### Work instruction
Once the line holding "风云办公提供的大学生心理健康" is found in the entries below, transcribe exactly every line up to and including the one holding "The paper presents", but leave out the pictures.

### Data to use
==*==
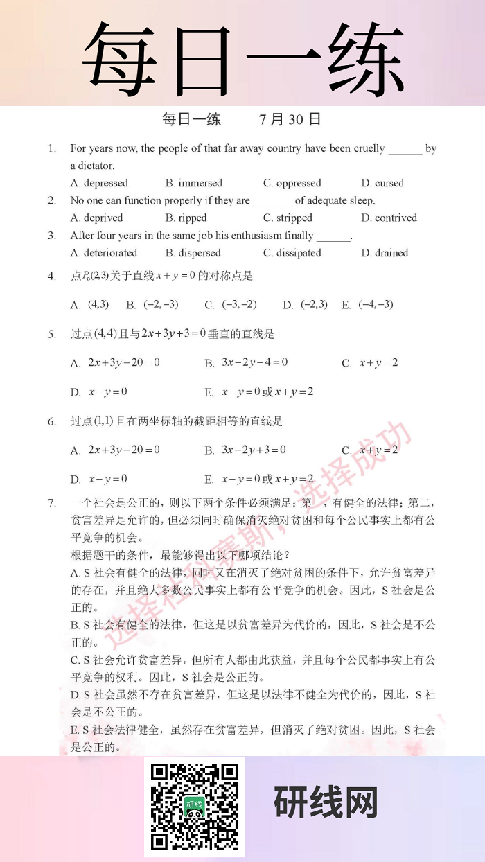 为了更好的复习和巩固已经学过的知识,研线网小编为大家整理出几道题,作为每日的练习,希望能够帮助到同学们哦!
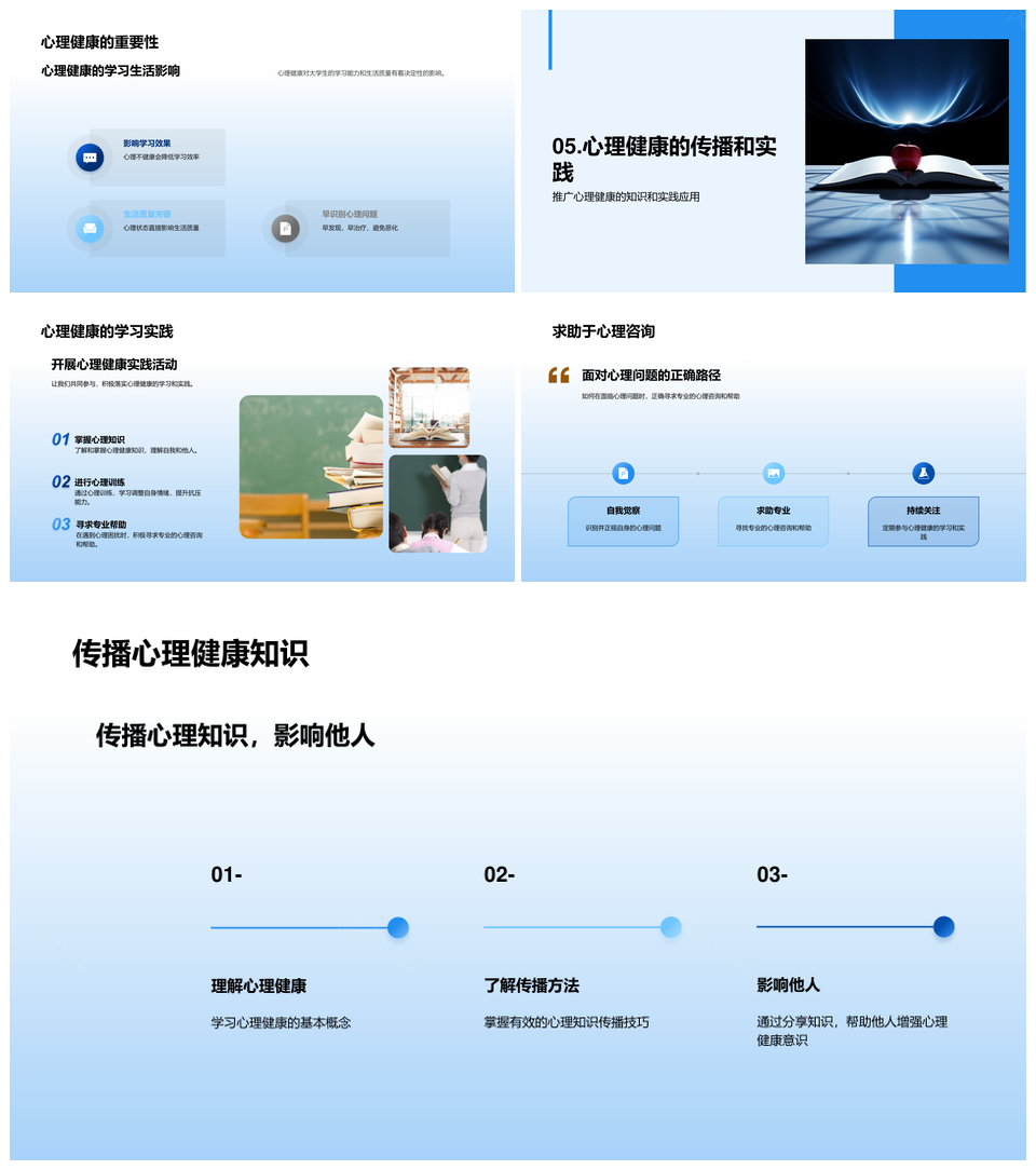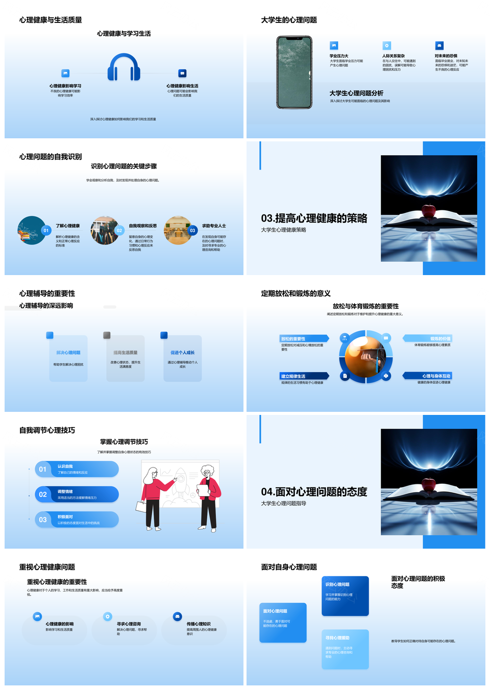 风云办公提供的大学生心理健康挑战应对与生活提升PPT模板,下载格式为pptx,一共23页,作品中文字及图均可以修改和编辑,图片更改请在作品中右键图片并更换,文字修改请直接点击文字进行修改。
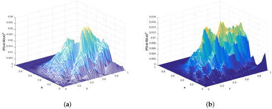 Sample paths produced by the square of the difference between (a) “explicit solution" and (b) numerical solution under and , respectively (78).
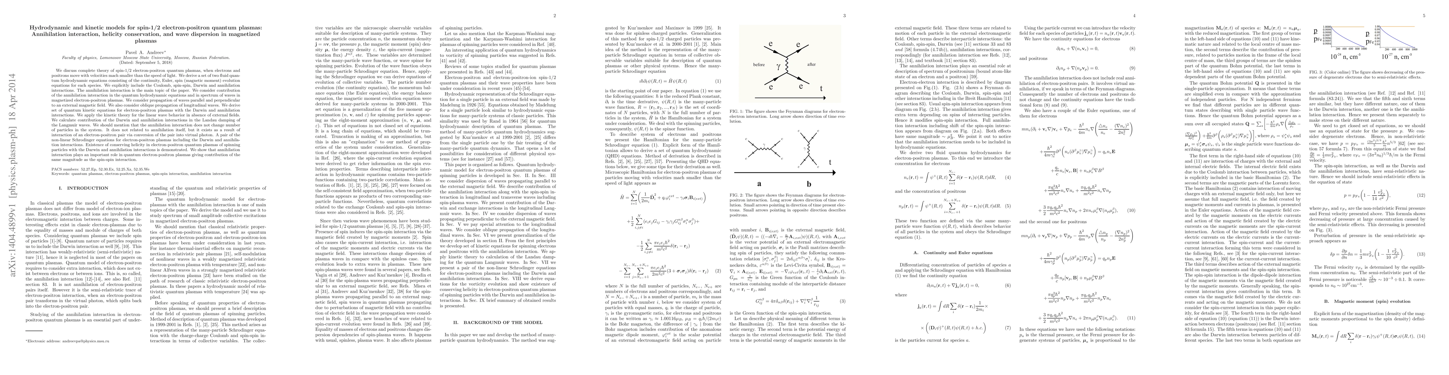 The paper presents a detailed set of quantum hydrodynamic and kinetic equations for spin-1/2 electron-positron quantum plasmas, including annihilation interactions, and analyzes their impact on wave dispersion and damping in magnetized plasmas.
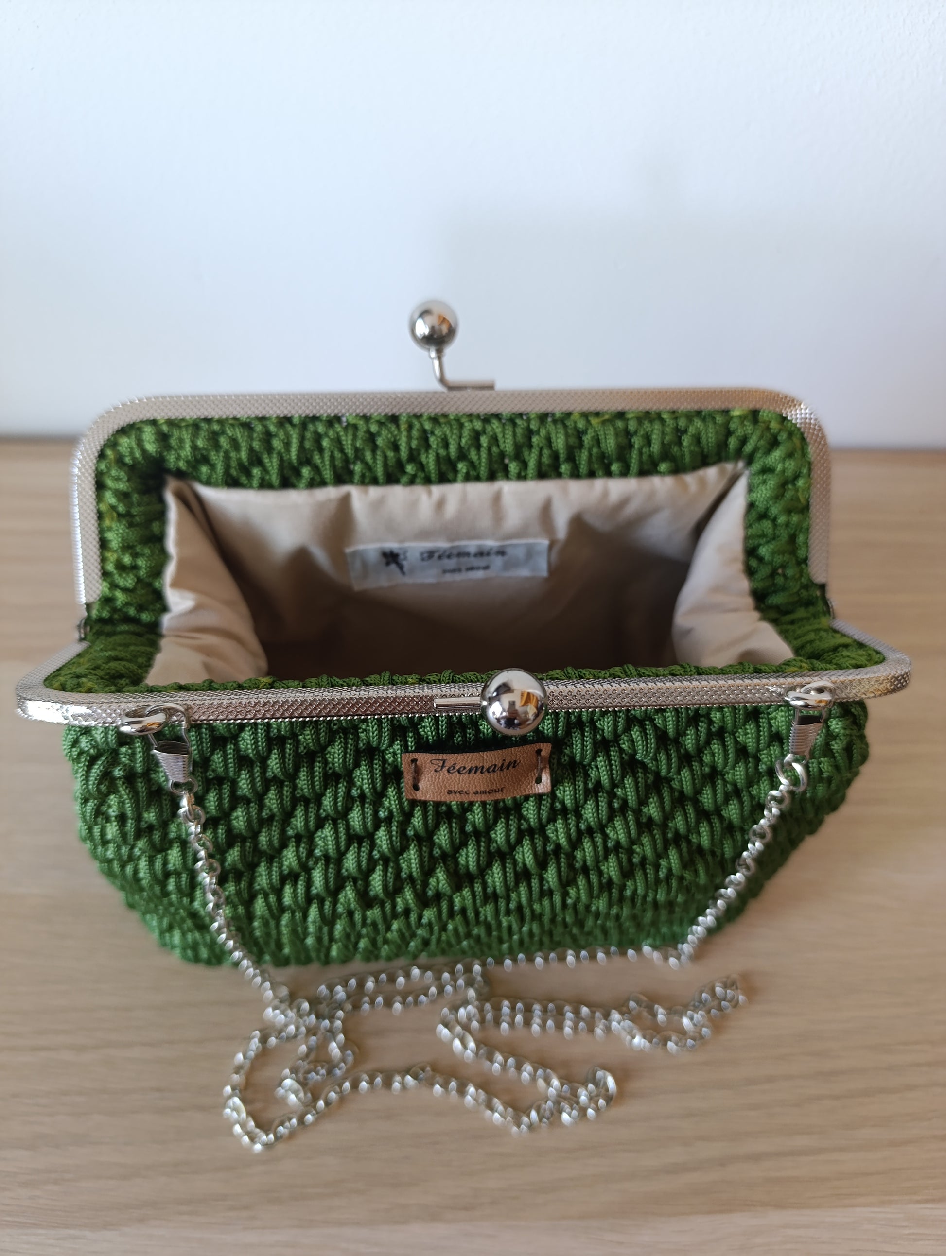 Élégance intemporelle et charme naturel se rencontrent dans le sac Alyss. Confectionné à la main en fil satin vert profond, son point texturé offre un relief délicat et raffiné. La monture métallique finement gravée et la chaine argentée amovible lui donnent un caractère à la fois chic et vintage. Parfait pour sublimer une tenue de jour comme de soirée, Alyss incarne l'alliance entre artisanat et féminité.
==*==
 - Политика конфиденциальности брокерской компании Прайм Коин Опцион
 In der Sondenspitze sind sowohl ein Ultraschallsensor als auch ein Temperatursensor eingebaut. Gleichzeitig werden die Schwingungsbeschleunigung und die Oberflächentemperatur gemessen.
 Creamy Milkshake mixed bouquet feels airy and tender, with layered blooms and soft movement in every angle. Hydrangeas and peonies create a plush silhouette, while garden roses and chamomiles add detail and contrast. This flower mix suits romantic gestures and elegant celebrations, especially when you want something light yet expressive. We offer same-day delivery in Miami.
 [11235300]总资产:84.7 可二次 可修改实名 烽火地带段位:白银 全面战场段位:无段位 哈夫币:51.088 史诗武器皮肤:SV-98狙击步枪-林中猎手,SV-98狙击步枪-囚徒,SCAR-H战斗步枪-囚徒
==*==
### Reply
 风云办公提供的大学生心理健康挑战应对与生活提升PPT模板,下载格式为pptx,一共23页,作品中文字及图均可以修改和编辑,图片更改请在作品中右键图片并更换,文字修改请直接点击文字进行修改。
 Sample paths produced by the square of the difference between (a) “explicit solution" and (b) numerical solution under and , respectively (78).
 The paper presents a detailed set of quantum hydrodynamic and kinetic equations for spin-1/2 electron-positron quantum plasmas, including annihilation interactions, and analyzes their impact on wave dispersion and damping in magnetized plasmas.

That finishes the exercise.